Our Wyoming operations transport gas for third parties pursuant to a tariff filed with and approved by the WPSC. The terms of the transportation tariff (currently between $.08 and $.31 per thousand cubic feet (mcf)) are approved by the WPSC.
Natural Gas — North Carolina
On October 1, 2007, we acquired Frontier Natural Gas, a natural gas utility in Elkin, North Carolina. The purchase price was $4.9 million in cash. Our North Carolina operations provide natural gas service to customers in Ashe, Surry, Warren, Wilkes, Watauga, and Yadkin Counties. This service area has a population of approximately 40,000 people. The major communities in our North Carolina service area are Boone, Elkin, Mount Airy, Wilkesboro, Warrenton and Yadkinville.
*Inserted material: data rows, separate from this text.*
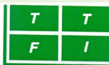
TABLE TENNIS FEDERATION OF INDIA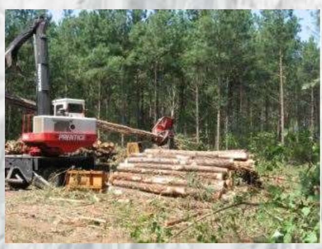
Agriculture and Forestry Industries Development Fund Advisory Board

Essex County Economic Development Authority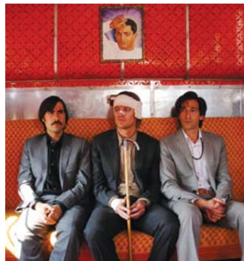
The Darjeeling Limited (2007)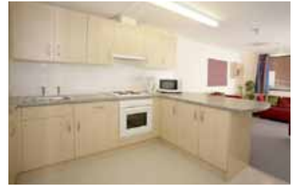
Communal kitchen/lounge area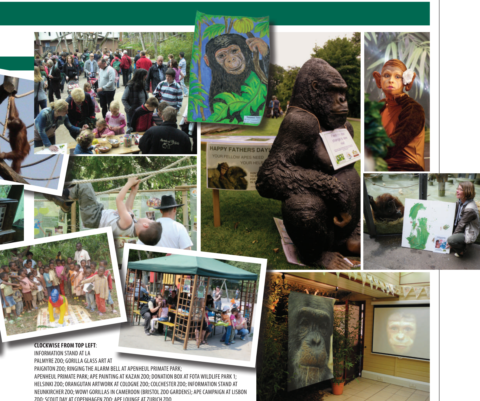
CLOCKWISE FROM TOP LEFT: INFORMATION STAND AT LA PALMYRE ZOO; GORILLA GLASS ART AT PAIGNTON ZOO; RINGING THE ALARM BELL AT APENHEUL PRIMATE PARK; APENHEUL PRIMATE PARK; APE PAINTING AT KAZAN ZOO; DONATION BOX AT FOTA WILDLIFE PARK 1; HELSINKI ZOO; ORANGUTAN ARTWORK AT COLOGNE ZOO; COLCHESTER ZOO; INFORMATION STAND AT NEUNKIRCHER ZOO; WOW! GORILLAS IN CAMEROON (BRISTOL ZOO GARDENS); APE CAMPAIGN AT LISBON ZOO; SCOUT DAY AT COPENHAGEN ZOO; APE LOUNGE AT ZURICH ZOO

House. Visitors were invited to make themselves comfortable on an old sofa and, by activating a press button, to listen to the voices of eight different species of gibbon. For a small donation visitors were able to download a ringtone of the pileated gibbon's or the siamang's cry.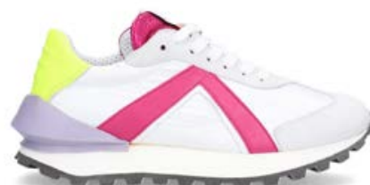
A0019972 White Fuchsia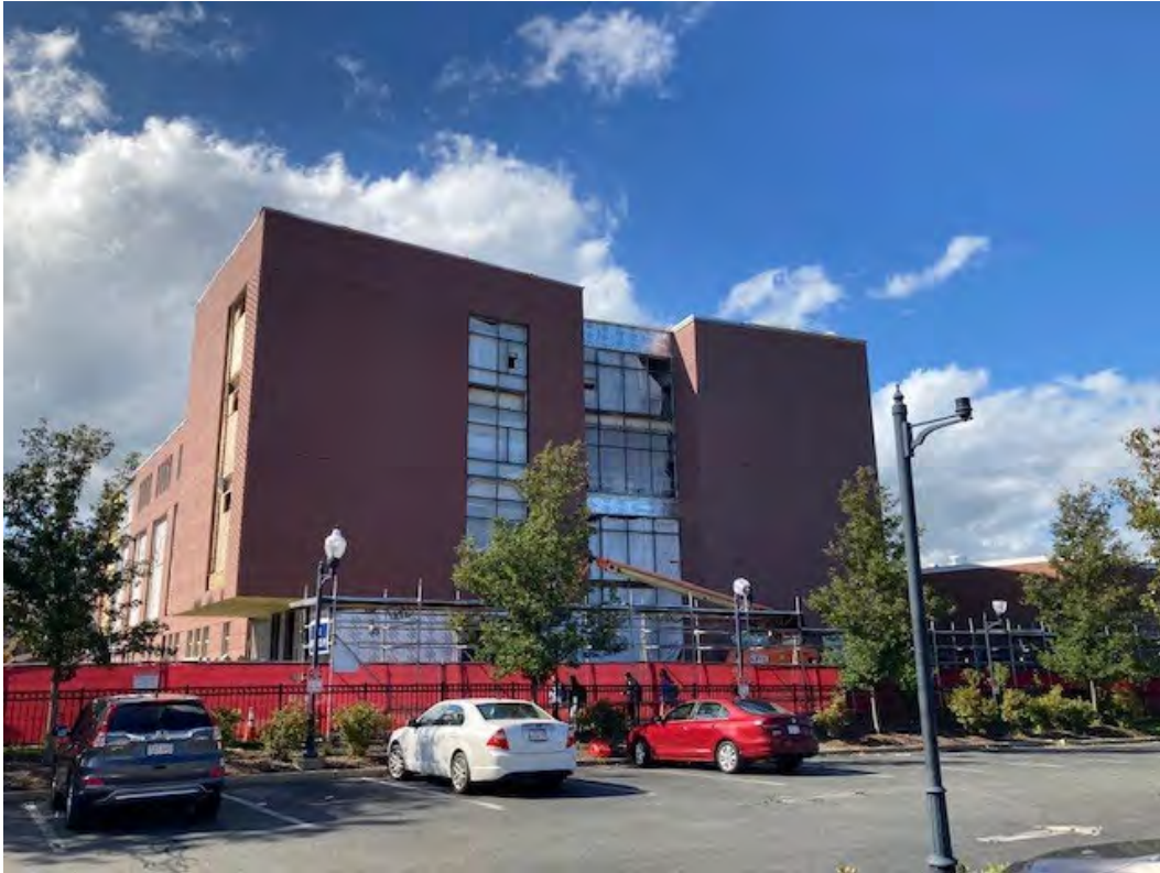
Photograph 3: Building D East Elevation

We have certificates of public convenience and necessity granted by the North Carolina Utility Commission (NCUC) for transportation and distribution in these counties and franchise agreements with municipalities located within these counties.
Our North Carolina operations provide service to approximately 700 residential, commercial and transportation customers through 138 miles of transmission pipeline and 149 miles of distribution system. We offer transportation services to nineteen customers through special pricing contracts. Since acquiring Frontier Natural Gas on October 1, 2007, these customers have accounted for approximately 52% of the revenues of our North Carolina operation for the 2008 fiscal year.
For the nine months since the acquisition, Frontier Natural Gas distributed approximately 1,713 million cubic feet (MMcf).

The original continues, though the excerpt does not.